That transparency has caused an increase in the number of pull requests and the quality of bug reports that they get, but they’ve also been working on making the codebase itself a little bit more accessible, which is a big and somewhat overlooked challenge in any open source project. I think the social structures around most open source projects make it so that you never really address that, because all of the people who are working on it obviously are the ones who are capable working on it, who are not intimidated by the codebase and who think it’s totally fine… Whereas newcomers can look at this, the way that it’s structured and the way that the architecture isn’t really well explained and say, “Gosh, this seems kind of hard. I don’t know if I really wanna get involved.” So they don’t get involved, they don’t get a voice and so it never changes.

I’ve seen this in literally almost every single open source project I’ve ever been connected to - npm, Node, PHP Core project, the Linux Kernel… Although the Linux Kernel probably does a better job of this particular aspect than most projects.

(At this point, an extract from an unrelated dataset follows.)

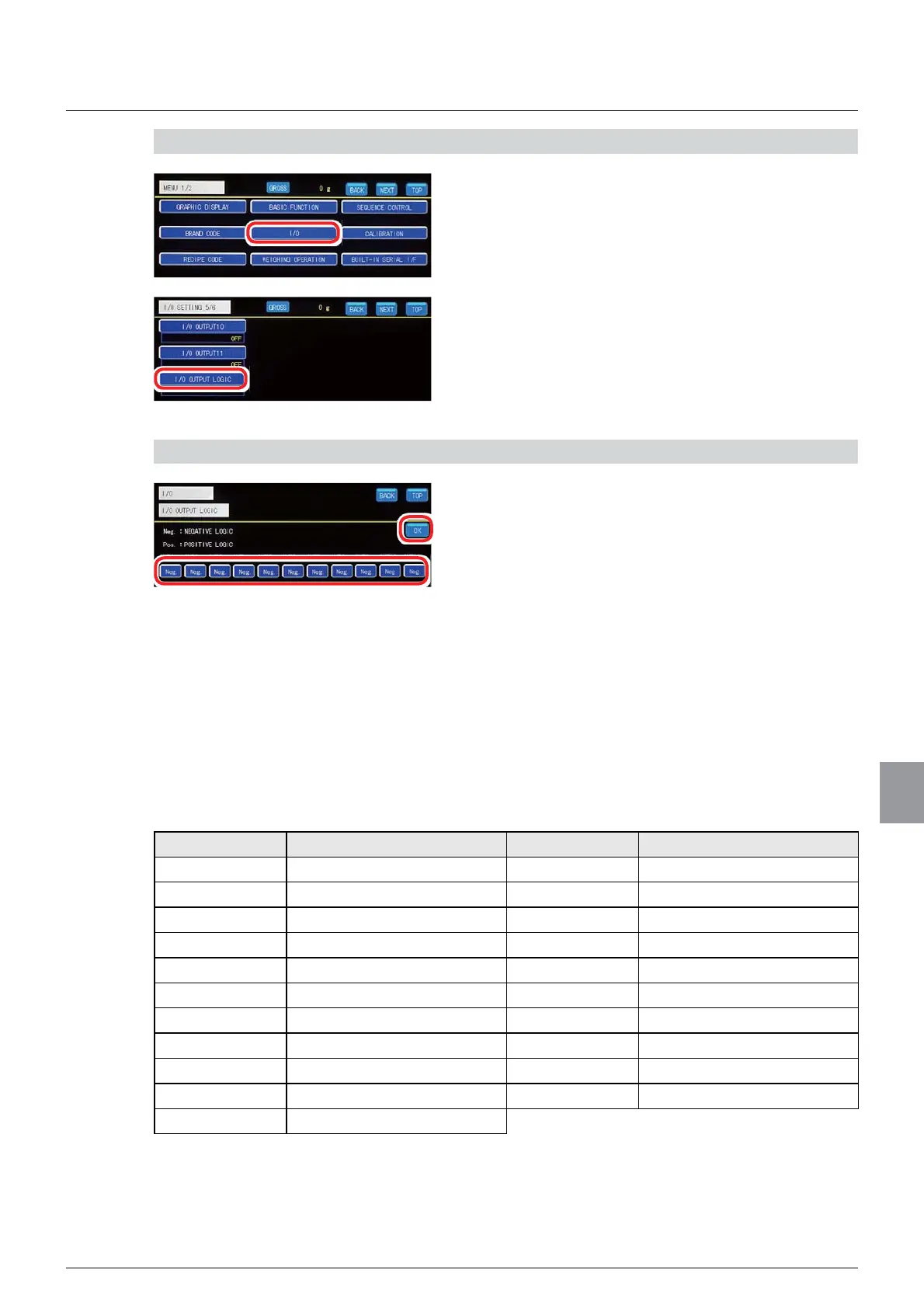 2. Tap [I/O OUTPUT LOGIC] on [I/O SETTING

It’s still pretty daunting, though. You can approach it in a couple of different ways, by breaking things up into smaller modules, breaking things up into sub-projects that people can contribute and be a part of, but it’s still just an ongoing, difficult, unsolved problem to make a codebase accessible.

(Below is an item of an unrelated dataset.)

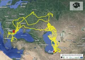 Timp de doi ani de la venirea sa în Bulgaria, Djuranlyi a zburat prin multe țări: Grecia, Turcia, România, Moldova, Ucraina, Belarus, Rusia, Turkmenistan, Kazahstan, Uzbekistan, Iran. Ornitologii din aceste țări s-au implicat activ în urmărirea păsării pe măsură ce aceasta trecea prin teritoriile lor și s-au bucurat de vizita oaspetelui atât de rar.

But in terms of our role in the community, that’s been a little bit more challenging. I feel a personal weight of responsibility to make sure that this community is a functional community and to make sure that our users are able to use the service and not be in too great a conflict with one another, and able to actually get what they expect out of it. As the community has grown, we’ve gone through several different stages where different sorts of governance approaches have made more or less sense.

In the very early days actually, Michael wrote the first version of the registry, which had no authorization or authentication whatsoever. It was like, “You wanna publish a thing? Alright. You probably know what you’re doing if you know what this thing is.” That didn’t last very long. That had people taking advantage of it almost from day one, so we scrambled to add some authorization in there, but it was the simplest possible thing and now we’re kind of grown up to this stage where we have private code, where we have teams, and you can specify which team has access to which modules, to read access, write access and so on.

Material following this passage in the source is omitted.